• Task brief:
Excluding pictures, what does the listing below contain from the line with "После весеннего дождя. Н. Крымов. 1908 г." up to and including the line with "Dzień Pamięci Ofiar", word for word?

---------- Records for processing ----------

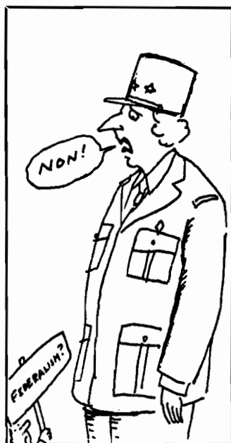
Margareth Thatcher negli abiti di De Gaulle.

Preoccupati i commenti di molti giornali in particolare per la sede qualificata dove il discorso antieuropeista della Thatcher era stato tenuto e cioè il Colle of Europe di Bruges. L'autorevole Economist sotto il titolo «Our Lady of Bruges» tenta di dare un colpo al cerchio e uno alla botte affermando che sarebbero ingiusti coloro che definissero antieuropea la filippica della Thatcher e aggiunge «l'Europa che la signora Thatcher vuole differisce significativamente dall'Europa di Delors. Non è un'Europa nella quale, come Delors pensa, la Comunità controllerà presto l'80 per cento della legislazione sociale ed economica, né un'Europa nella quale vi
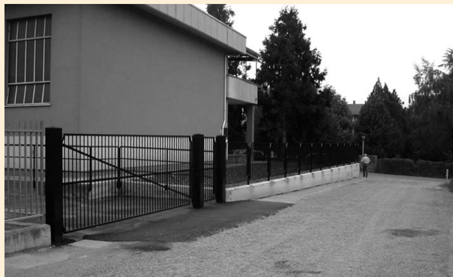
Nuovo accesso carraio e pedonale presso la scuola elementare - Colnago

10. È in corso di definizione il restauro della struttura tombale romana collocata nel giardino del palazzo comunale .
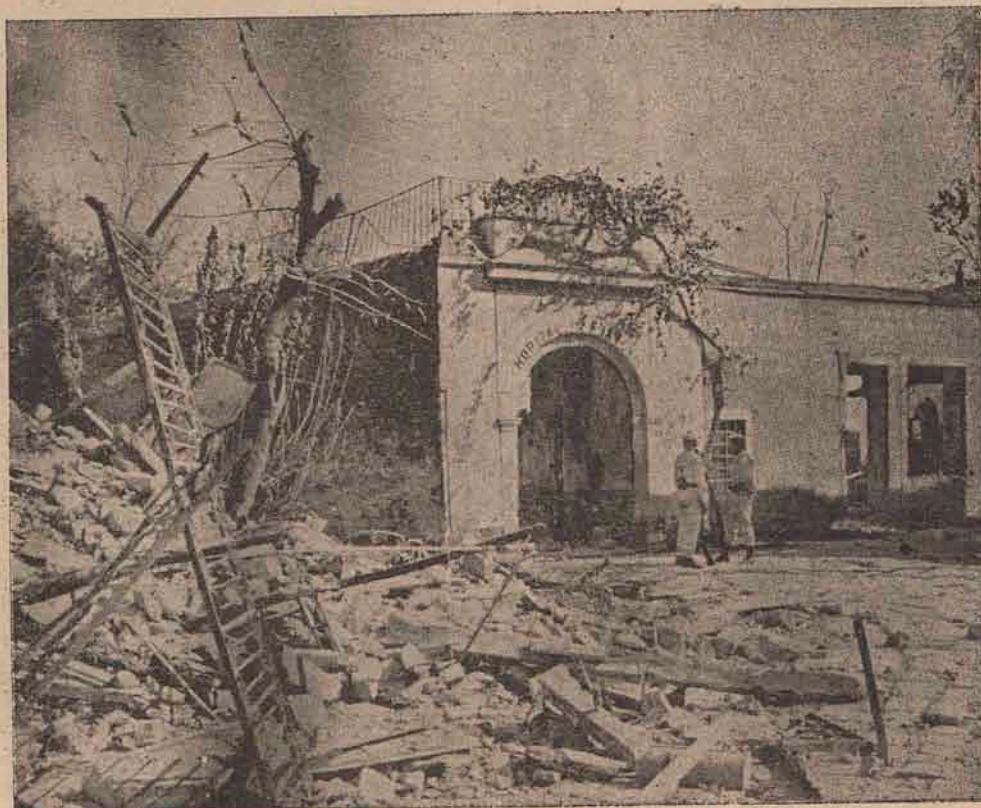
Aspect din ruinele Smyrnei: resturile spitalului francez.
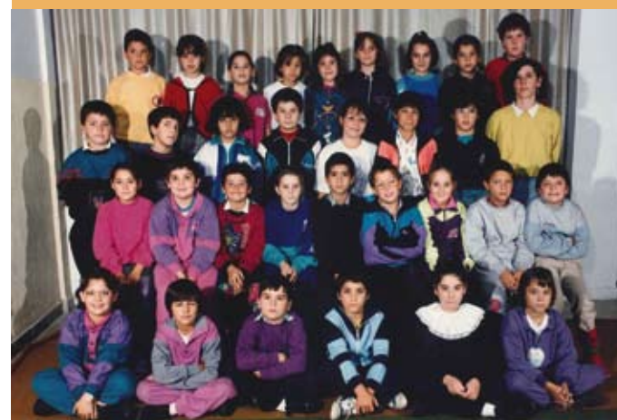
1990/91. OHoko 4. maila. 1990/91. 4º de EGB.
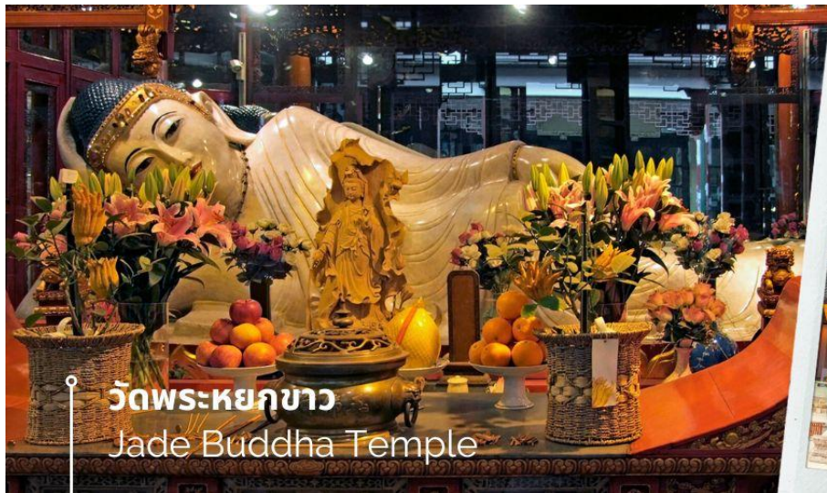
วัดพระหยกขาว Jade Buddha Temple
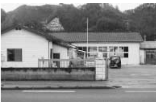
わらび学園分園予定地
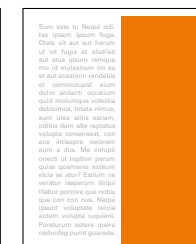
1/2 strany na výšku 100x275 mm čistý formát 85x248 mm na zrcadlo
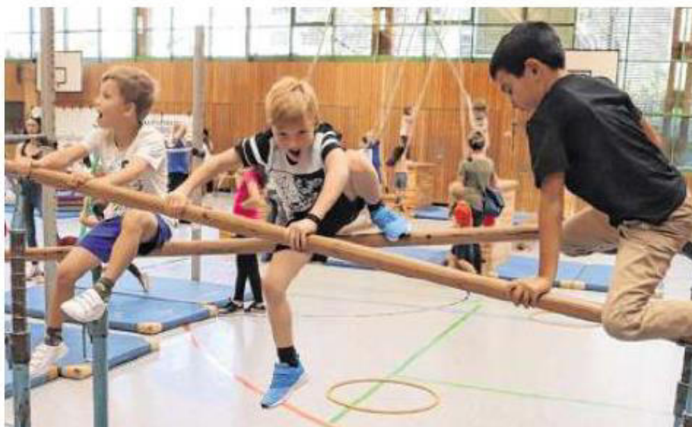
Hochbetrieb herrschte auch am Hexenbarren. Die Kinder tobten sich beim Aktionstag „SpoSpiTo“ nach Herzenslust aus.

i Fotos von der Veranstaltung unter www.spospito.de
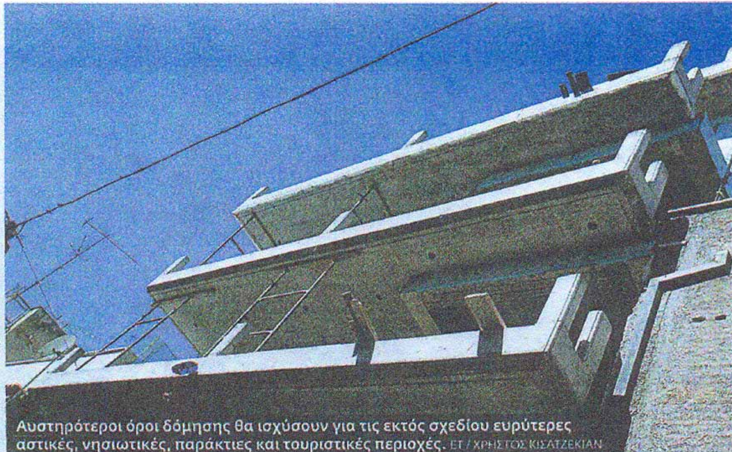
Αυστηρότεροι όροι δόμησης θα ισχύσουν για τις εκτός σχεδίου ευρύτερες αστικές, νησιωτικές, παράκτιες και τουριστικές περιοχές. ΕΤ / ΧΡΗΣΤΟΣ ΚΙΣΑΤΖΕΚΙΑΝ
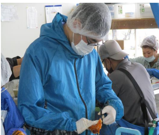
【三陸ラボラトリ】 ホヤむき作業
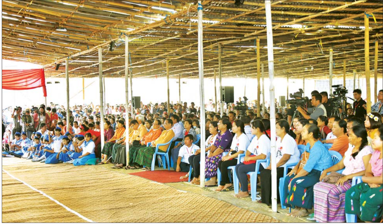
နိုင်ငံတော်၏အတိုင်ပင်ခံပုဂ္ဂိုလ် ဒေါ်အောင်ဆန်းစုကြည် ဒီပဲယင်းမြို့၊ မြို့နယ်အားကစားကွင်း၌ ဒေသခံပြည်သူများအား တွေ့ဆုံအမှာစကားပြောကြားစဉ်။
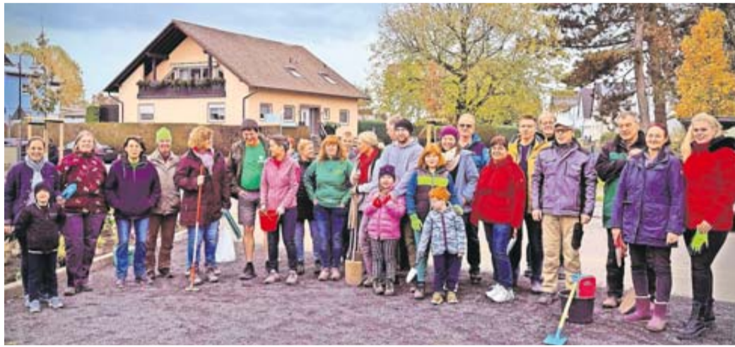
Die beteiligten bei der Aktion am Karl-Kempff-Platz im Stadtteil Beienheim.
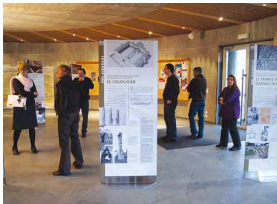
Fig. 5 – L'exposition du 125 e anniversaire de l'Association Pro Aventico dans l'aula du Cycle d'Orientation de Domdidier

La Foire aux Ateliers du Musée de Vallon s'est tenue le dimanche 26 septembre 2010. Depuis plusieurs années, le Musée romain d'Avenches y est invité, tout comme d'autres musées suisses, et propose un atelier destiné aussi bien aux adultes qu'aux enfants. En 2010, les activités proposées tournaient autour des thèmes de l'écriture et du calcul. Concernant l'écriture, nous avons repris l'activité mise sur pied pour la Mustermesse de Bâle en 2009 5 , consistant à traduire ou à faire traduire le prénom des participants en gaulois. Petits et grands ont également pu s'exercer à écrire à l'encre avec une plume de roseau ou sur une tablette de cire avec un stylet. Pour le calcul, chacun a pu tester ses connaissances à
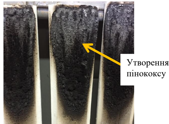
Рис. 1 – Випробування групи горючості деревини
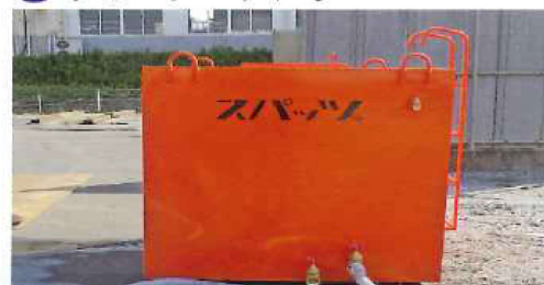
⑧ ウォータータンク
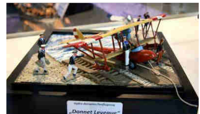
MM hat ein historisches Spielzeug-Modell des k.u.k. Flugbootes als Vignette getreu nachgebaut

Im Bild oben hält er ein faszinierendes Modell, das im 1. Weltkrieg gebaut und uns für eine Ausstellung im HGM zur Verfügung gestellt wurde.
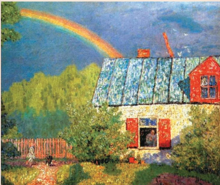
После весеннего дождя. Н. Крымов. 1908 г.
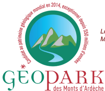
Logo du Géopark des Monts d'Ardèche
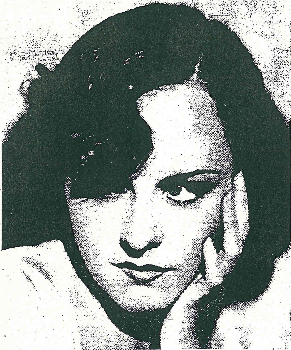
La lontanissima immagine di Paulette Goddard al tempo della sua scoperta cinematografica, nel 1931, con "Luci della città", di Chaplin. Impersonava, nel film che furono prodotti da Chaplin quasi sulla sua misura, la fanciulla derelitta e costretta a vivere in un ambiente di miserie morali e materiali: fu una delle pochissime "protagoniste" dei film di Chaplin dei quali egli era "Numero Uno".
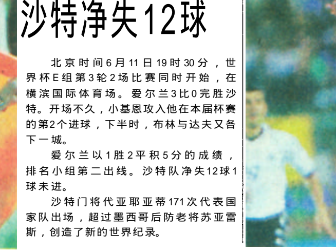
两个六号上演“地趟拳”
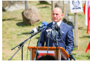
Dzień Pamięci Ofiar Obiawy Augustowskiej - Giby, Augustów, 12 lipca 2023 r.
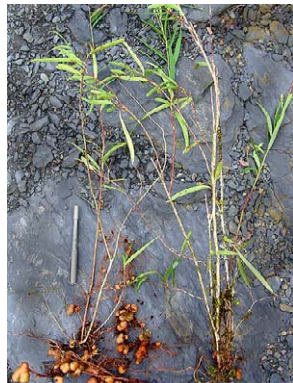
98 Thibaudia "acacioides"
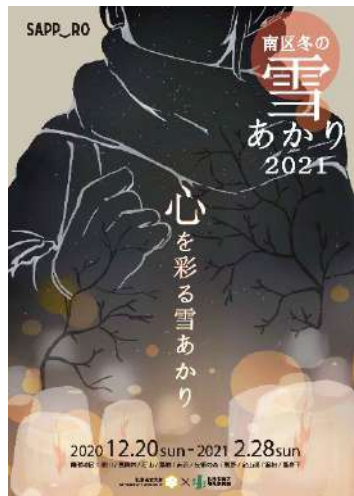
雪あかりチラシ（表面）

【協力】 札幌市南区、札幌市立大学、札幌シーニックバイウェイ藻岩山麓・定山溪ルート
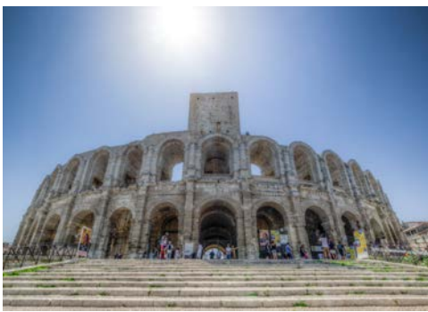
Willkommen in Arles
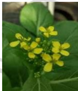
Gambar 2.4. Bunga Tanaman Pakcoy

Tanaman pakcoy memiliki struktur bunga dengan banyak percabangan, berwarna kuning, dan bunga pada tanaman pakcoy terhadap buah dengan bentuk seperti buah polong dan berongga-rongga serta memiliki warna kecoklatan. Tanaman ini mempunyai susunan bunga yang cukup tertata dengan tangkai bunga yang berukuran cukup panjang serta mempunyai empat kelopak bunga, empat benang sari, satu putik, dan empat mahkota kuning (Pranata, 2018). Proses penyerbukan pada bunga dapat terjadi melalui bantuan agen penyerbuk seperti serangga (entomofili) maupun melalui intervensi manusia secara manual (Barokah et al. , 2017). Lebih jelasnya gambar bunga pakcoy pada Gambar 2.4. sebagai berikut.

----------

• Expected answer:
После весеннего дождя. Н. Крымов. 1908 г.
Logo du Géopark des Monts d'Ardèche
La lontanissima immagine di Paulette Goddard al tempo della sua scoperta cinematografica, nel 1931, con "Luci della città", di Chaplin. Impersonava, nel film che furono prodotti da Chaplin quasi sulla sua misura, la fanciulla derelitta e costretta a vivere in un ambiente di miserie morali e materiali: fu una delle pochissime "protagoniste" dei film di Chaplin dei quali egli era "Numero Uno".
两个六号上演“地趟拳”
Dzień Pamięci Ofiar Obiawy Augustowskiej - Giby, Augustów, 12 lipca 2023 r.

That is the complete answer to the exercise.